_What the task requires_. Nothing but the lines from the one with "这是一次跨越500多公里的书" through the end of the data should be set down, each exactly as written, and no picture should be included.

_Supplied information_.
════════════════════

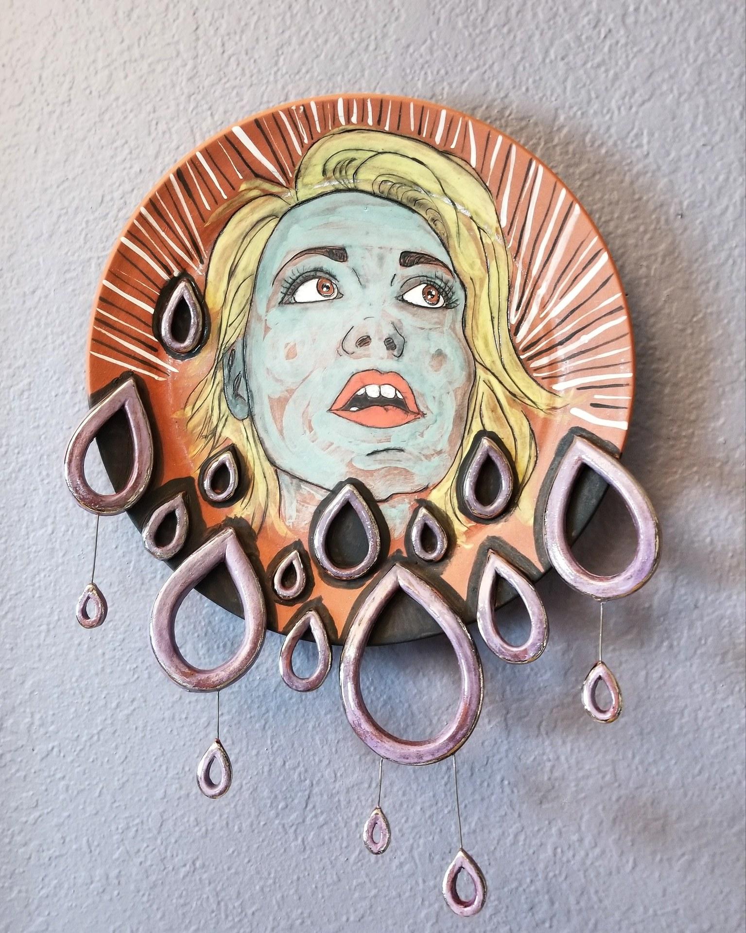 Artistonish artistonish com/november2022 20 Self Portrait: Tribute to Cindy Sherman and Prince Heather Cornelius Sculpture on Ceramic W:8 H:16 in 2017 Terracotta redwithnichromewire, underglaze, swarovskicrystal, goldluster AW127380984 ♡
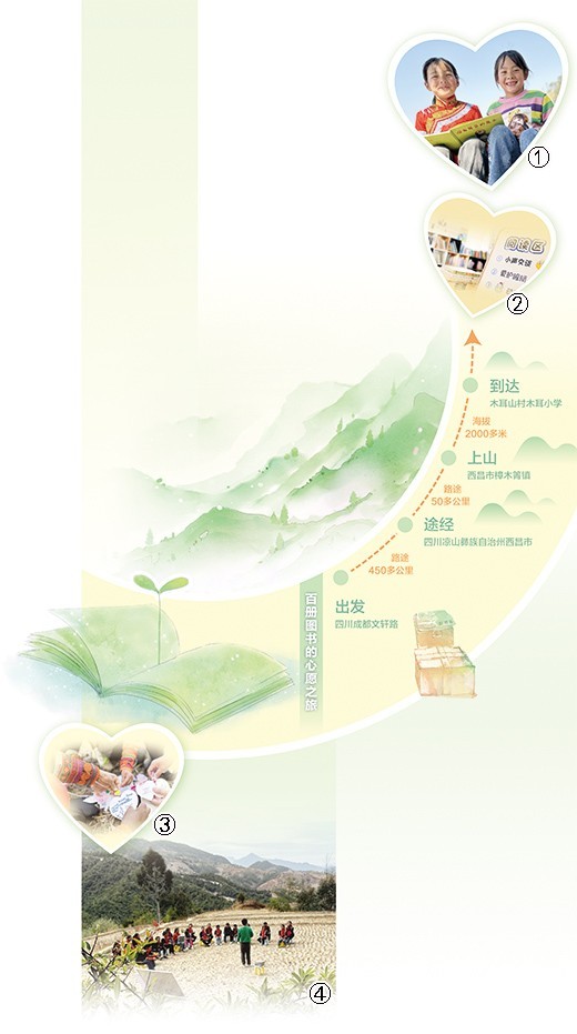 这是一次跨越500多公里的书香传递。100个心愿、100册图书,从四川成都来到西昌市樟木箐镇,来到海拔2000多米的木耳山上,送到300多名孩子的手中。
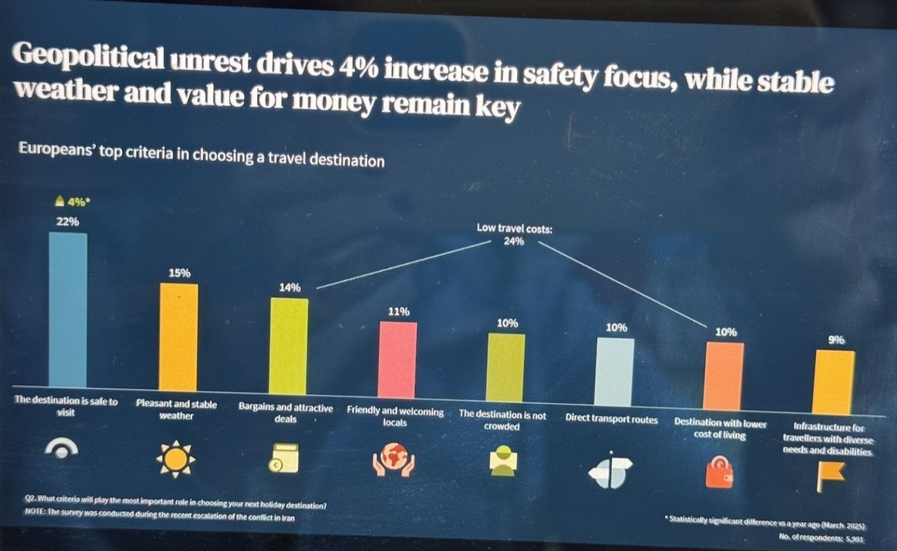 Το θέμα της ασφάλειας λόγω της γεωπολιτικής κατάστασης απασχολεί το ταξιδιωτικό κοινό και έχει ανέβει κατά 4 ποσοστιαίες μονάδες σε σύγκριση με την αντίστοιχη έρευνα του 2025 φτάνοντας πλέον το 22%. Οι ακραίες καιρικές συνθήκες και η κλιματική αλλαγή είναι επίσης ψηλά στις ανησυχίες, στο νούμερο 2, «ωστόσο αν προστεθούν οι παράμετροι των ευνοϊκών οικονομικών deals με 14% και του χαμηλού κόστους ζωής με 10% συγκεντρωτικά βλέπουμε ότι το θέμα του κόστους απασχολεί το κοινό αθροιστικά σε ποσοστό 24%».

════════════════════

_Reply to the exercise_.
 这是一次跨越500多公里的书香传递。100个心愿、100册图书,从四川成都来到西昌市樟木箐镇,来到海拔2000多米的木耳山上,送到300多名孩子的手中。
 Το θέμα της ασφάλειας λόγω της γεωπολιτικής κατάστασης απασχολεί το ταξιδιωτικό κοινό και έχει ανέβει κατά 4 ποσοστιαίες μονάδες σε σύγκριση με την αντίστοιχη έρευνα του 2025 φτάνοντας πλέον το 22%. Οι ακραίες καιρικές συνθήκες και η κλιματική αλλαγή είναι επίσης ψηλά στις ανησυχίες, στο νούμερο 2, «ωστόσο αν προστεθούν οι παράμετροι των ευνοϊκών οικονομικών deals με 14% και του χαμηλού κόστους ζωής με 10% συγκεντρωτικά βλέπουμε ότι το θέμα του κόστους απασχολεί το κοινό αθροιστικά σε ποσοστό 24%».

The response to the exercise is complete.